Reverse cycle air conditioner

What is a reverse cycle air conditioner?

Reverse cycle air conditioning systems are units that can provide both cooling air conditioning and heating. 

How do reverse cycle air conditioners work?

Heating your house or office
Most electric heaters create heat directly by using heating elements that generate heat when an electric current is passed through them. These ‘direct element’ heaters include systems such as portable heaters, panel convectors and off-peak storage heaters. 

Reverse cycle air conditioners extract the heat from the air outside, even on cold winter nights and transfer it inside.  This is achieved by passing a refrigerant through a coil that goes outside.  The heat is absorbed into the refrigerant, which is then pumped through a compressor into a condenser inside the home.  The stored heat is released into the room.

Cooling your house or office
The refrigerant is simply pumped the opposite direction so the heat is taken out of the home resulting in efficient refrigerative cooling in summer.

Where can I buy a reverse cycle air conditioner?

You can buy cheap new units on Ebay.  Check out the bargains here.

What are the advantages of reverse cycle air conditioners?
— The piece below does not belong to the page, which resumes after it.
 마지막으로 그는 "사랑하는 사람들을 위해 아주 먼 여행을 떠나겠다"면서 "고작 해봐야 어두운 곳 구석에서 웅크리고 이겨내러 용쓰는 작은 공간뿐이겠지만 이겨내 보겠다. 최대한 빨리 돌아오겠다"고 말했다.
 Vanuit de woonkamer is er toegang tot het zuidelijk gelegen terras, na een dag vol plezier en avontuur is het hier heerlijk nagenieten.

› One of the most economical forms of heating

› Able to provide both heating and cooling

› Remain cool to touch at all times

› Have no exposed elements or flames

› Lifetime of up to 20 years

› Filter and dehumidify air

What types of reverse cycle air conditioner are there?
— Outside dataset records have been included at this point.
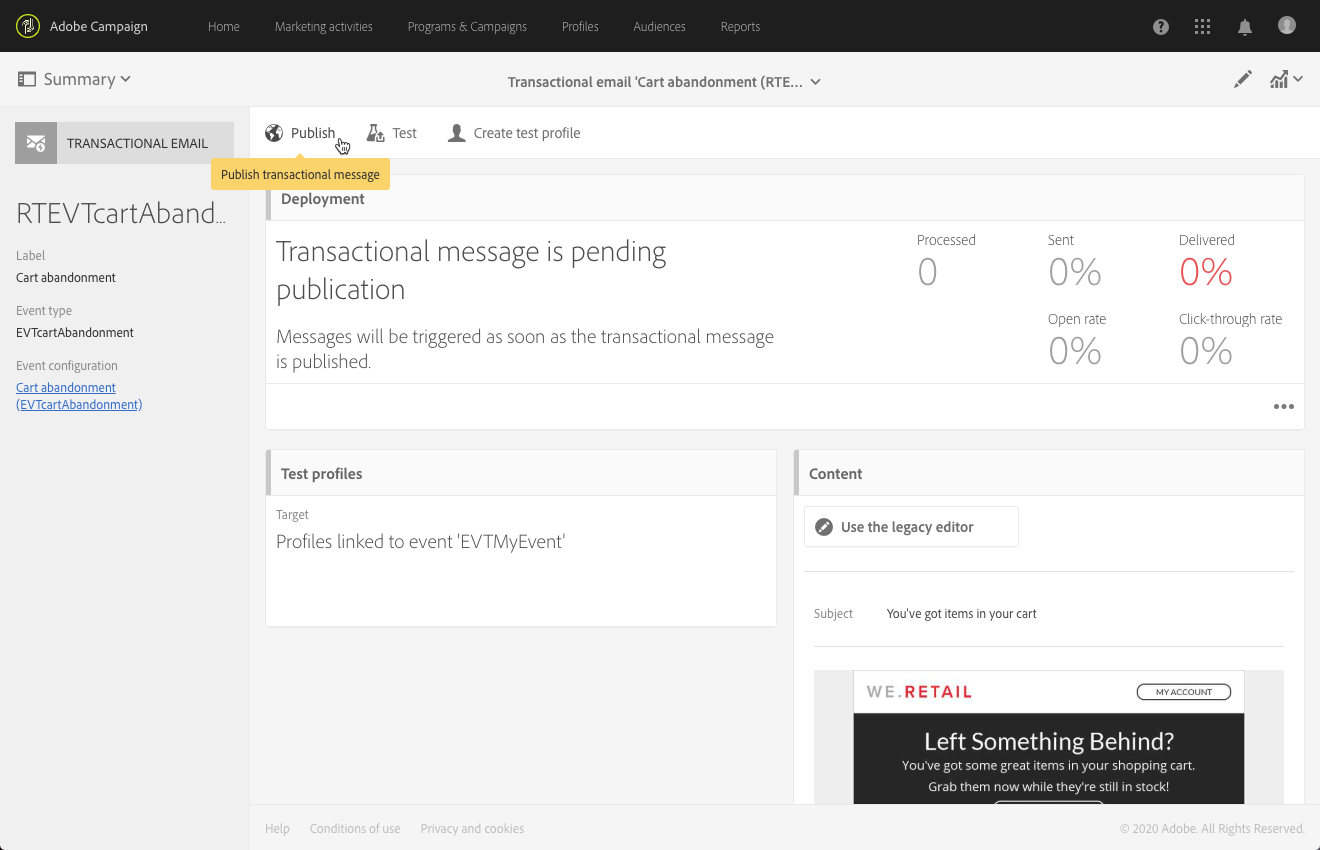 트랜잭션 메시지를 편집하고 테스트하면 게시할 수 있습니다. 을(를) 클릭하여 Publish 버튼을 클릭합니다.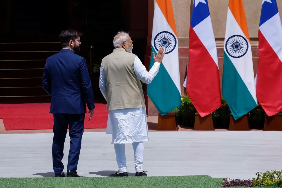 Modi recibe al presidente de Chile, Gabriel Boric, en Nueva Delhi, el 1 de abril de 2025.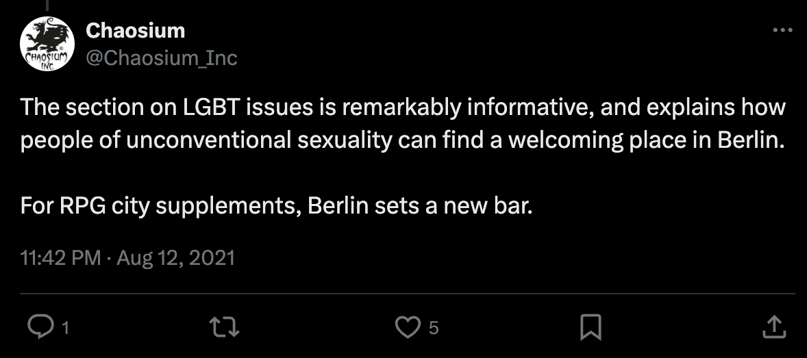 The company’s X account went deep into the thread before they revealed the wokeness inside, “The section on LGBT issues is remarkably informative, and explains how people of unconventional sexuality can find a welcoming place in Berlin. For RPG city supplements, Berlin sets a new bar.”

Portable air conditioner units
Portable air conditioner units can obviously be moved from room to room or even house to house. Most of these air conditioner units consist of a separate indoor and outdoor unit connected by flexible refrigerant lines. They are then connected to standard power points. External units can be hung outside an open window.

Portable units are particularly useful when you want to cool or heat several smaller rooms at different times. They are also good for people who rent their house, move home frequently, or in situations where permanent installation is not possible. They are suitable for rooms up to 35 m2.

Window/wall units
Window/wall units have all the air conditioner components in one unit, which you permanently mount through an external wall or window. They are the cheapest type of reverse cycle air conditioner available. Some models can even be connected to standard power points. However as the motor is contained in the same unit as the internal fan, window/wall units can be noisy and you will have to cut a large hole in the wall, or remove a pane of glass from a window. Curtains must be left open during operation if installed in a window. They are suitable for rooms up to 70 m2.

Ducted systems
Ducted systems are designed to centrally heat and cool a large number of rooms or an entire home. They can be suitable if you have an open-plan house, and/or prefer heating and cooling in all or most rooms of your house simultaneously.
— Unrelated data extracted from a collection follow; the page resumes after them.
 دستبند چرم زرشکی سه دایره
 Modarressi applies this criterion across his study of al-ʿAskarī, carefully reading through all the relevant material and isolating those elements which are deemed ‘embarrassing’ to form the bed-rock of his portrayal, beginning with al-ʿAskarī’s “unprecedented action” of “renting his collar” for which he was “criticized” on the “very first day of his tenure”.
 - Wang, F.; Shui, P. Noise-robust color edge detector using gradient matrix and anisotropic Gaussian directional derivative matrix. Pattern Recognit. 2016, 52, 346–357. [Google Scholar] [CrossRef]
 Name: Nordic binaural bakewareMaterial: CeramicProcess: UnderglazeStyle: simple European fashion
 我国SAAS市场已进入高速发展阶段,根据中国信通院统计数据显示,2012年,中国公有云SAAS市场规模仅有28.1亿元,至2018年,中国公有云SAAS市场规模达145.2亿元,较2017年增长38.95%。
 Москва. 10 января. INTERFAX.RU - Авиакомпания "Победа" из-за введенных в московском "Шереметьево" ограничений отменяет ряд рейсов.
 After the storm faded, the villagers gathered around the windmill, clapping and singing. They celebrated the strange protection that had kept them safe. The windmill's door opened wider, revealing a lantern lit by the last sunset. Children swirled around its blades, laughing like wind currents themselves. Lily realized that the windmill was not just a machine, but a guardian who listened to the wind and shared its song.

Floor-mounted units have slightly decreased cooling effectiveness. This should not usually be a concern, as heating is generally required more often than cooling. Alternatively, consider purchasing a wall unit with adjustable louvres, and mounting it approximately 1.5–2 m above the floor.

They are more expensive to purchase and run than other types of air conditioners, as they heat and cool larger areas.

A single ducted unit can heat areas up to 200 m2. It is also possible to install a single duct outlet as part of a split system installation. The vent can be mounted in the ceiling or wall, and is capable of conditioning open areas up to 80 m2.